I'm considering the following definition:
$M$ is a $\alpha$-saturated model if for all $A \subset M$, $|A| < \alpha$, every $1$-type $p$ in $A$ over $T(M) = \left \{ \varphi: M \models \varphi \right \}$ is realized in $M$, i.e. there exists $a \in M$ such that $M \models \varphi(a), \, \forall \varphi \in p.$
My attempt:
Let $(M_i)_{i < \alpha}$ be an elementary chain of $\alpha$-saturated models and let $M = \bigcup_{i < \alpha} M_i$. Given $A \subset M$ with $|A| < \alpha$ and $p$ a $1$-type in $A$ over $T(M)$, if I prove that there exists $i < \alpha$ such that $p$ is a type over $T(M_i)$, we could conclude that there exists $a$ in $M_i$, with $M_i \models \varphi(a)$ for all $\varphi \in p$. Hence $a \in M$ and $M \models \varphi(a)$, since $M_i$ is an elementary substructure of $M$.

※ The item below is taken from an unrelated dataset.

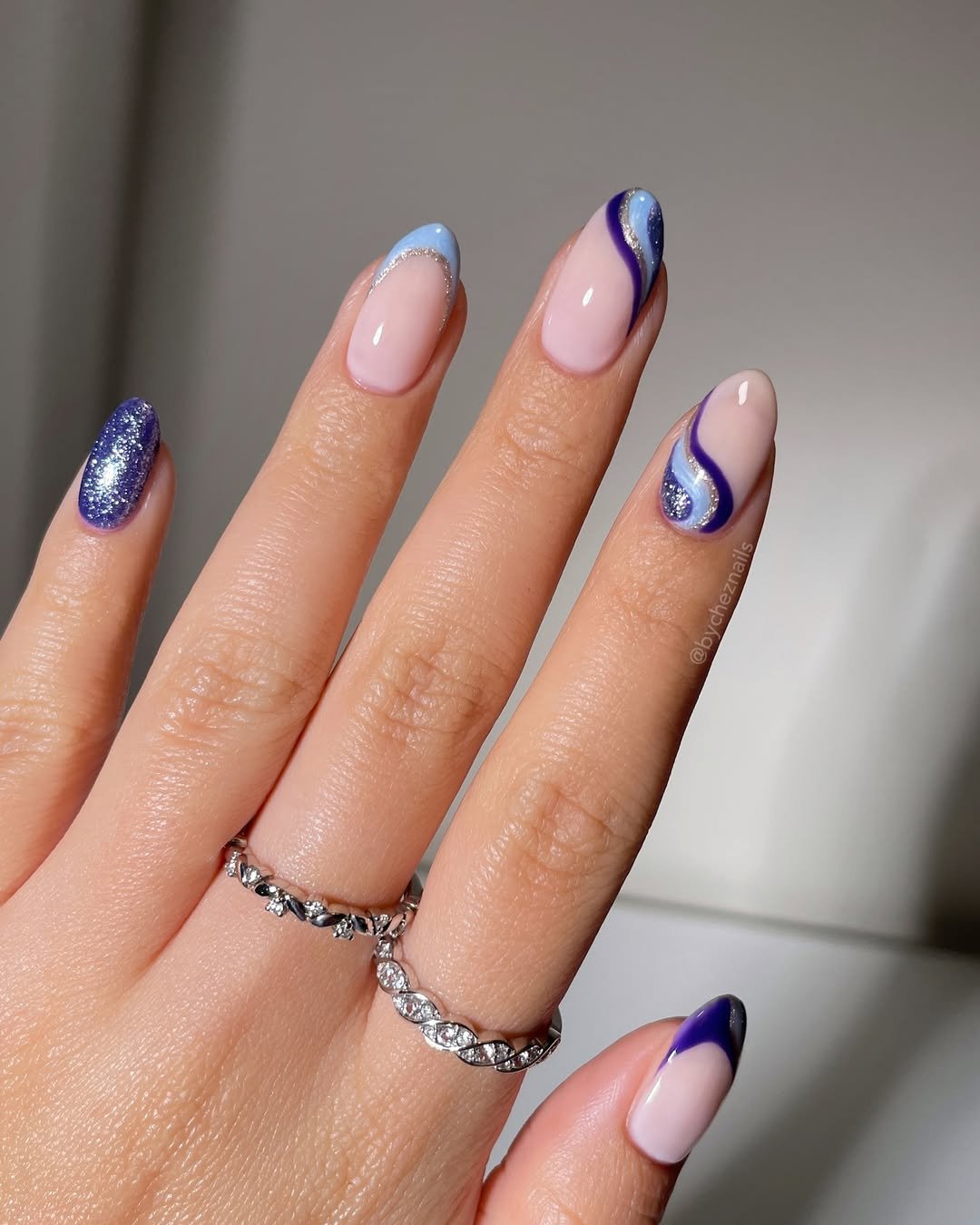If January had a rhythm, it would look exactly like these swirly blue accents. Between the glossy icy-blue French and the shimmering cobalt waves, this set manages to feel playful and sophisticated all at once.

So, how can I proof the existence of such $i < \alpha$?
Best Answer
This follows directly from the definition of regular cardinal.
For each $a\in A$, let $i_a$ be the least ordinal such that $a\in M_{i_a}$. Then $I = \{i_a\mid a\in A\}$ is a subset of $\alpha$ of cardinality at most $|A|<\alpha$. By regularity, $I$ is not cofinal in $\alpha$, so $j = \sup I < \alpha$. Thus $A\subseteq M_j$, and $p$ is a type over $M_j$, as desired.